Corporate tax hit not as bad as feared – Donohoe
CORPORATE tax revenue in Ireland is expected to fall by less than previously feared if new international reforms to how companies are taxed are agreed later this year.
Finance Minister Paschal Donohoe said the State could lose up to €2bn in revenue “over a number of years” if changes laid out by the OECD last year are implemented. Previous estimates had put the figure as high as €6bn.
“It is possible that between €800m and €2bn of corporate tax revenue could be affected,” the Minister said.
The issue has become increasingly critical for Ireland as the Exchequer has become increasingly reliant on corporate taxes recently.
The widening deficit due to Covid expenditure and economic losses has made the sustainability of taxes even more urgent since last year.
Mr Donohoe was speaking at the launch of the Department of Finance’s new Corporation Tax Roadmap, an update on a previous strategy from 2018. This year’s roadmap is more focused on global tax reform, which has advanced considerably in recent years through the OECD process on taxing the digital economy.

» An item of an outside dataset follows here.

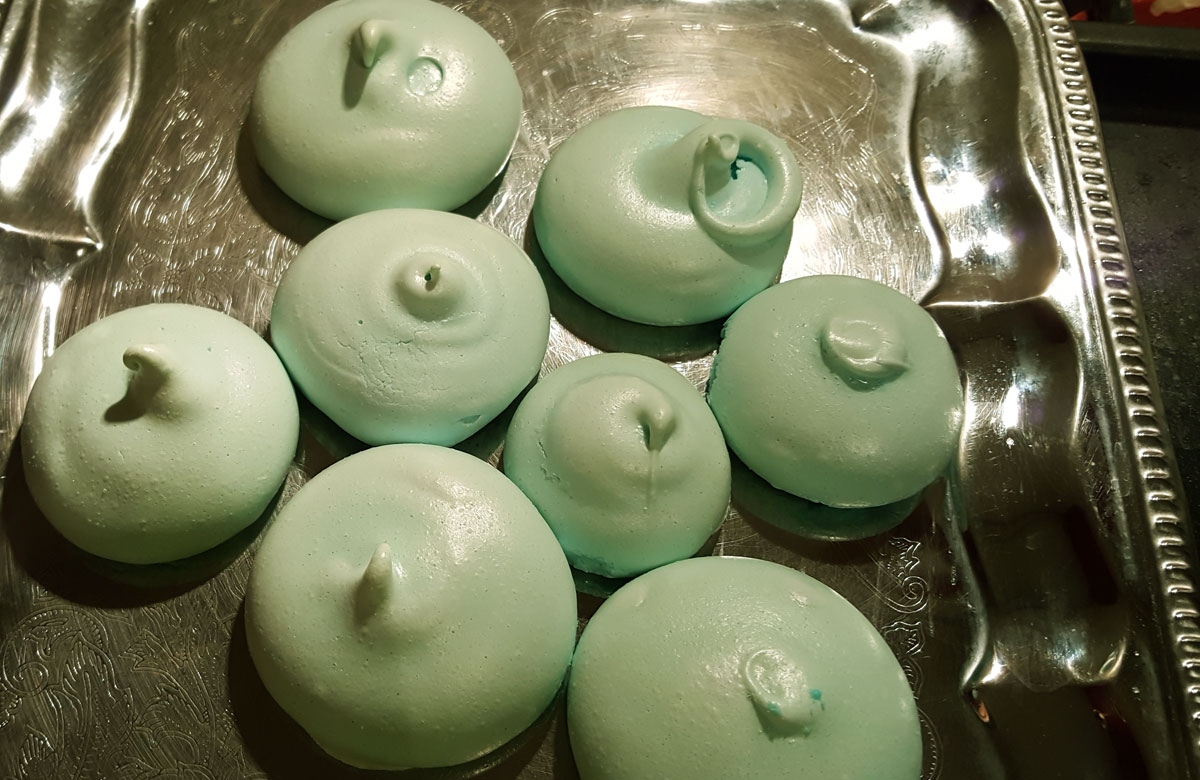 Elles ont une belle gueule ! J'aurais mis un peu plus de colorant ^^ Celle à l’extrême gauche (non politique ) est juste magnifique (le petit retour au dessus bien centré, j'adore) et les autres tout aussi réussi, chapeau mesdames ! ![]() Une bonne meringue doit être dure à l'extérieur et au centre légèrement moelleuse , est ce le cas ?

Last October, the OECD published its blueprint on reforming cross-border taxes for multinational corporations.
The aim is to update international tax rules for the age of digital commerce, in particular to put a floor on tax rates and discourage big internet companies like Google, Facebook and Amazon from booking profits in low-tax countries like Ireland instead of where their customers are.
Mr Donohoe said that digital taxation was just one issue on that horizon that could affect outcomes for Ireland and he was committed to participating in the OECD process.
“Ireland should be inside the OECD agreement,” he said. “It is far better for us that there is stability globally in tax policy. It’s in our longer-term interest.”
Mr Donohoe warned that unilateral movement outside of the OECD process would encourage further trade tensions and jeopardise stability around transfer pricing rules.
“Agreement at an international level continues to represent the most desirable
‘It is far better for us that there is stability globally in tax policy’
pathway to sustainable tax reform, to avoid a patchwork of regional or unilateral measures which would not be conducive to a positive business environment,” he said.
He also said that if the OECD does not reach agreement, the issue of corporate tax reform will be left to the EU, which is likely to impose relatively harsher measures from an Irish point of view.
In that respect, Ireland is aligned with the US, which has been engaged in the OECD process, but has sought to mitigate the negative impact on the big US tech firms that are also the backbone of Ireland’s foreign direct investment.
Mr Donohoe has previously said that Joe Biden’s election as US president made it more likely that Ireland would lose corporate tax revenue in future years. In a November address to institutional investors, he said Biden’s election made it more likely that agreement would be reached at the OECD on how digital companies are taxed.
“Engagement from the Trump administration has been more active than the narrative suggests,” he said today. “But the expectation is that Biden will heighten the engagement now.”
The Minister also reiterated Ireland’s commitment to a 12.5pc corporate tax rate.